En 1996, la France et le monde apprenait avec stupeur l'enlèvement de sept moines en Algérie, dont le supérieur Christian de Chergé. Tibhirine, petit village au sud d'Alger devenait ainsi célèbre. A l'époque, le cardinal Lustiger avait allumé, sept lampes dans Notre Dame de Paris comme signe d'espérance pour ces religieux ayant offert leur vie à Dieu. En avril, les têtes des moines étaient restitués et les funérailles célébrées à Alger dans une grande émotion. Quelques mois plus tard, lors de son voyage en France, Jean Paul II rendait hommage à ces moines à Saint Laurent sur Sèvre.

Beaucoup auraient oublié s'il n'y avait eu ce film "Des hommes et des dieux" primé à Cannes. Depuis quelques jours, tous les média français saluent ce chef d'oeuvre.

Hier, à Paris, une séance spéciale nous a permis de "voir" ce film. J'y étais avec 20 autres évêques, dont notre évêque brésilien en résidence dans le Val d'Oise, Mgr Pinheiro. La réception avant le film permet de multiples rencontres, dont celles de musulmans de Pontoise et celle avec Michael Lonsdale - un ami de longue date- qui interpréte admirablement le frère Luc, médecin qui soignait la population locale.

Puis, dans la salle bourrée des 200 invités, nous entendons un double témoignage, un musulman et un catholique. Azzedine Gaci, responsable du CRCM (conseil régional des musulmans) de Lyon et le cardinal Barbarin explique le voyage-pélerinage qu'ils firent ensemble à Tibhirine en février 2007. Témoignage bouleversant de l'amitié entre croyants.
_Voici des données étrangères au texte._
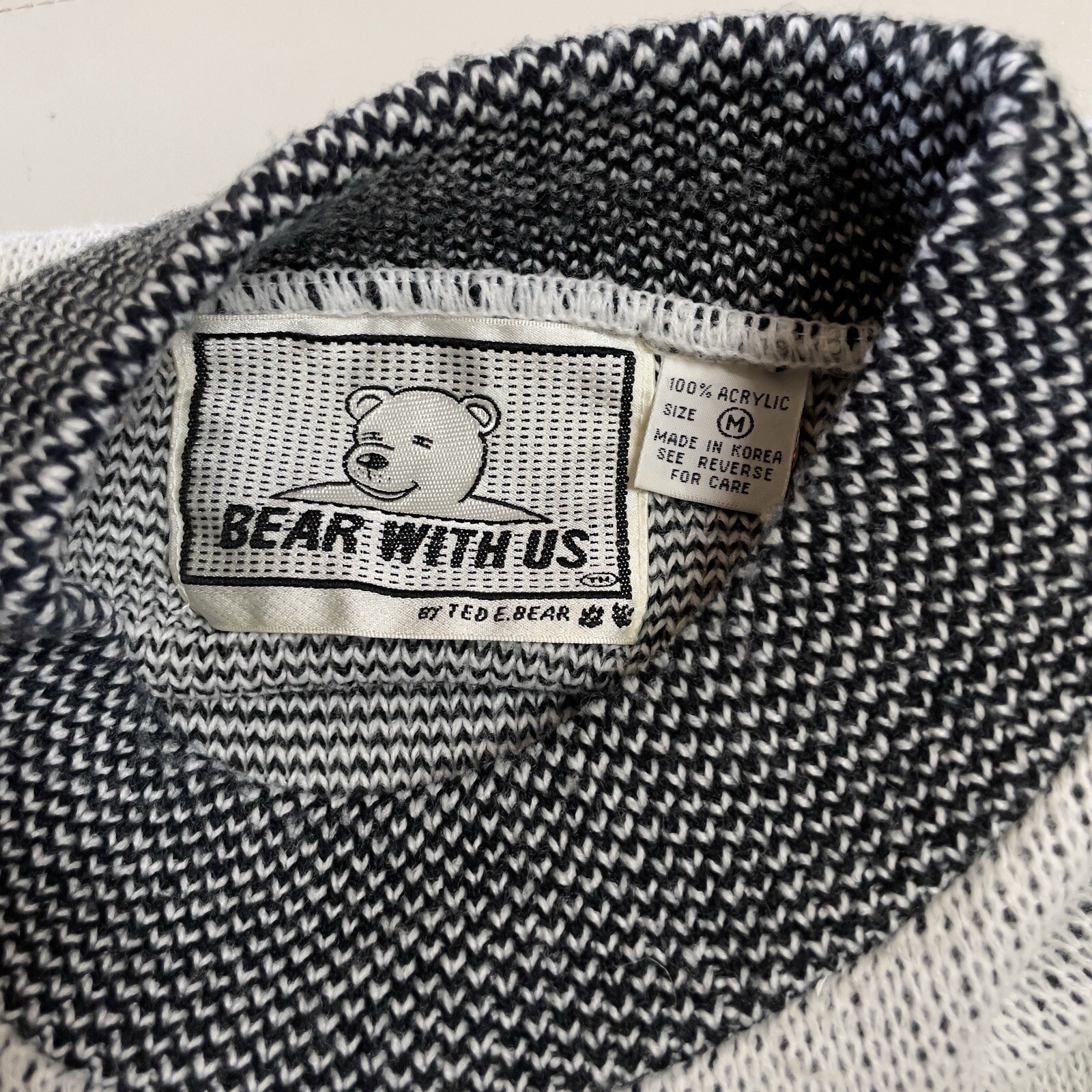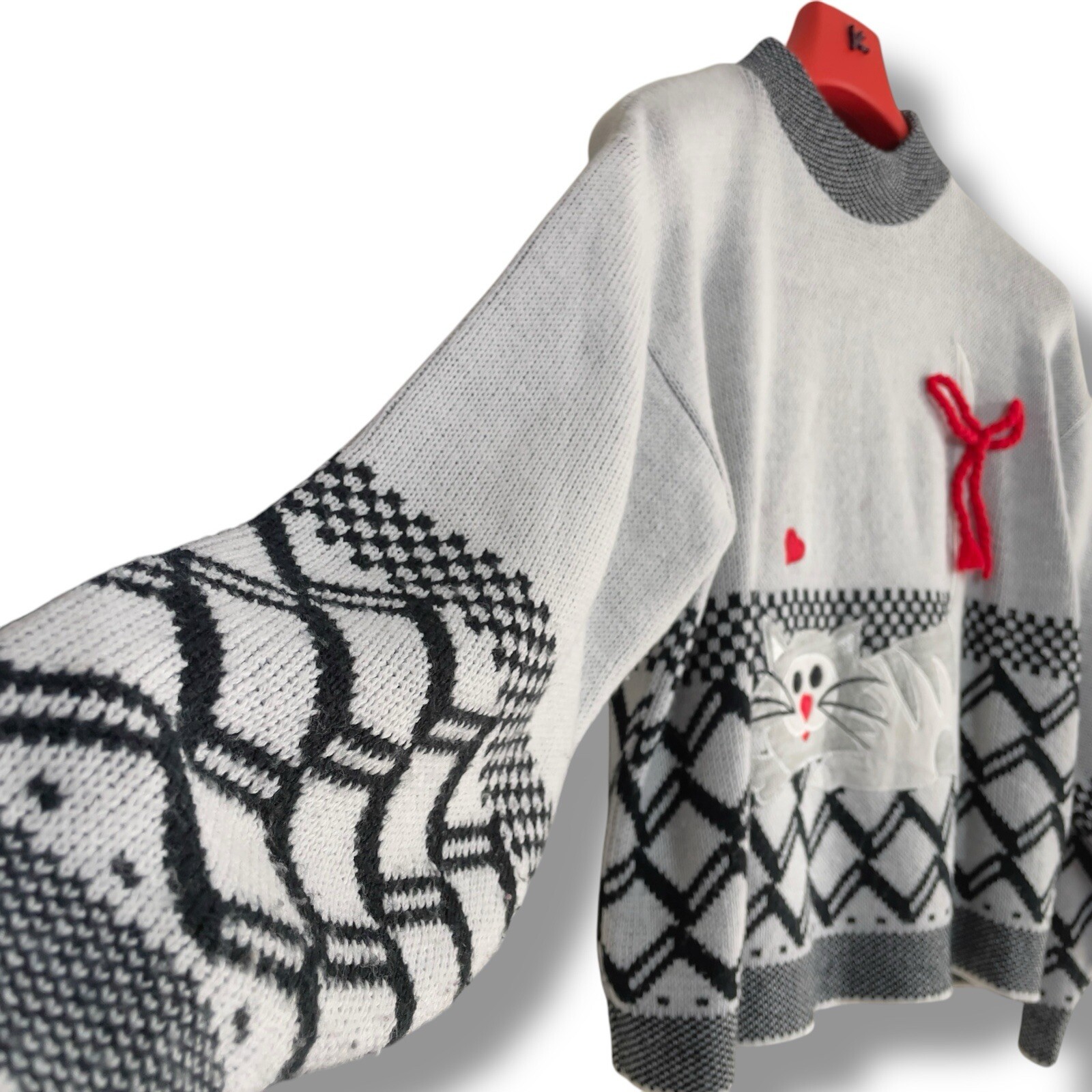 100% acrylic | Korean made SUPER CUTE vintage 80s black white pullover animal checkered geometric print knit sweater long sleeve crew neck sweatshirt by Korean street style made brand ‘Bear With Us by Ted E. Bear’ in size medium featuring charming kitty cat motif, adorable red satin embroidered hearts appliqué 3D ribbon braided bow accents are just too cute for words!! This unique multi graphic patterned woven print retro knitted cozy warm sweater is in great pre owned condition. Perfect for Valentine’s Day or everyday casual street wear. Lay flat measurements: chest 20” length 22.5” sleeves 20”

Le film peut alors être projeté dans une ambiance exceptionnelle. Tous, nous sommes comme saisis par la beauté des images, la force de la prière, les échanges entre les moines et les Algériens confrontés à la violence en ces années 90. Certaines scènes sont bouleversantes, comme le dernier "chapitre" au cours duquel les moines décident en leur âme et conscience de rester. L'ultime Eucharistie, l'arrivée des ravisseurs et la dernière image, comme une montée vers le Calvaire. Disciples du Christ, mais en même temps, frères universels.

Je vais très rarement au Cinéma, comme lu plupart de mes frères évêques. Mais depuis le prix donné à Cannes en mai dernier, je me promettais bien d'aller voir ce superbe film. Par certains côtés, il m'a rappelé "Le Grand Silence" sur les Chartreux ou encore "Thérèse" de Cavalier il y a déjà 25 ans.

Amis qui lisez ce papier, allez absolument voir ce film! C'est une superbe méditation sur la vie avec d'autres et comme une prière continue avec les trappistes!